My grandchildren and I visited the zoo. There was so much to see, explore and experience. My grandson is three years old and his curiosity is in full swing. My granddaughter is two and she is fearless, exploring everything around her. So you can imagine how my senses were on full alert trying to keep them out of harm’s way and still have fun.

There is always a battle going on inside of me when it comes to protecting my children and now my grandchildren. On one side, the mother bear in me wants to keep them out of harm’s way. Yet the other side, the pre-school teacher, wants to give them freedom to try new things so they can grow with a spirit of confidence. Both are in constant battle. I have to always be conscious on balancing these two sides in hope my fears won’t transfer onto them. 

At the zoo, three different battles were happening within me:

1. We were walking along a trail on our way to see the animals and a very large black snake (not part of the zoo) was crossing the trail, and of course a group of children began screaming. Once we realized what the commotion was, I had to explain to my grandson what was happening and why we couldn’t “Go, Grammie.”

Do I allow the fear to take over and say the negative things that “could happen” (I am fearful of snakes) and freak him out (the mom/grandmother)?
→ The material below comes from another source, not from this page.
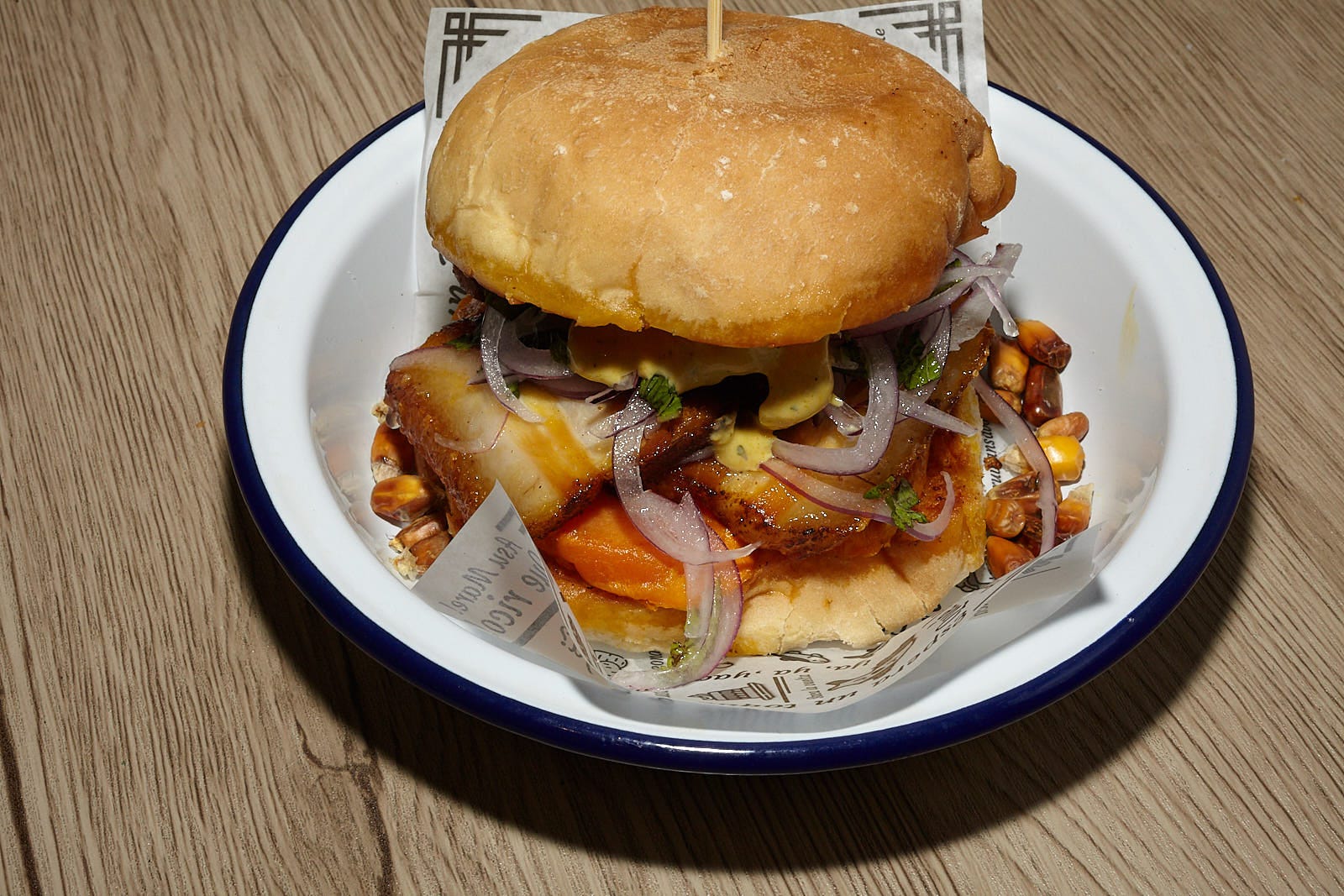 “Held together with a BFG’s toothpick, it contained an unruly landscape of pork belly sliced and fried to ragged umber arches, yielding slabs of sweet potato and an acidic backcombed pile of red onion. All of it is bathed in the sunlight of an ají amarillo sauce that tastes like the ghostly sister to a passionfruit. This is the kind of sandwich that’s so much better than it needs to be”

Or, can I be fearless and turn this into an extraordinary learning experience (the teacher)? I chose to explain to him calmly why we had to wait, and we inched as close as we could and watched that snake slither away into the woods. He was fascinated, had many questions, and I answered them in a positive way and still kept my cool.


2. The second battle began a little while later when we came to a kid’s play area and there was a stream the children could take their shoes off and play in. My two year old granddaughter, the explorer, saw the water. Nothing was going to stop her. She wanted her shoes off and wanted in the water.

Fearful me is imagining her falling face first, cutting her feet on the pebbles, or someone grabbing her when we turn our backs for a second. But, I chose again to let go. Let her feel the cool water on her feet and if she fell, I would help her up. She did fall, on her bottom, pants and all. She didn’t care! At that point, neither did I.


3. The final battle came when we spotted a bridge taking us high up into the trees. We like to go on “adventures.” Safe, Grammie-approved adventures. I’m not a fan of heights. So you can imagine when we arrived at the bridge and they wanted to go up and up and up.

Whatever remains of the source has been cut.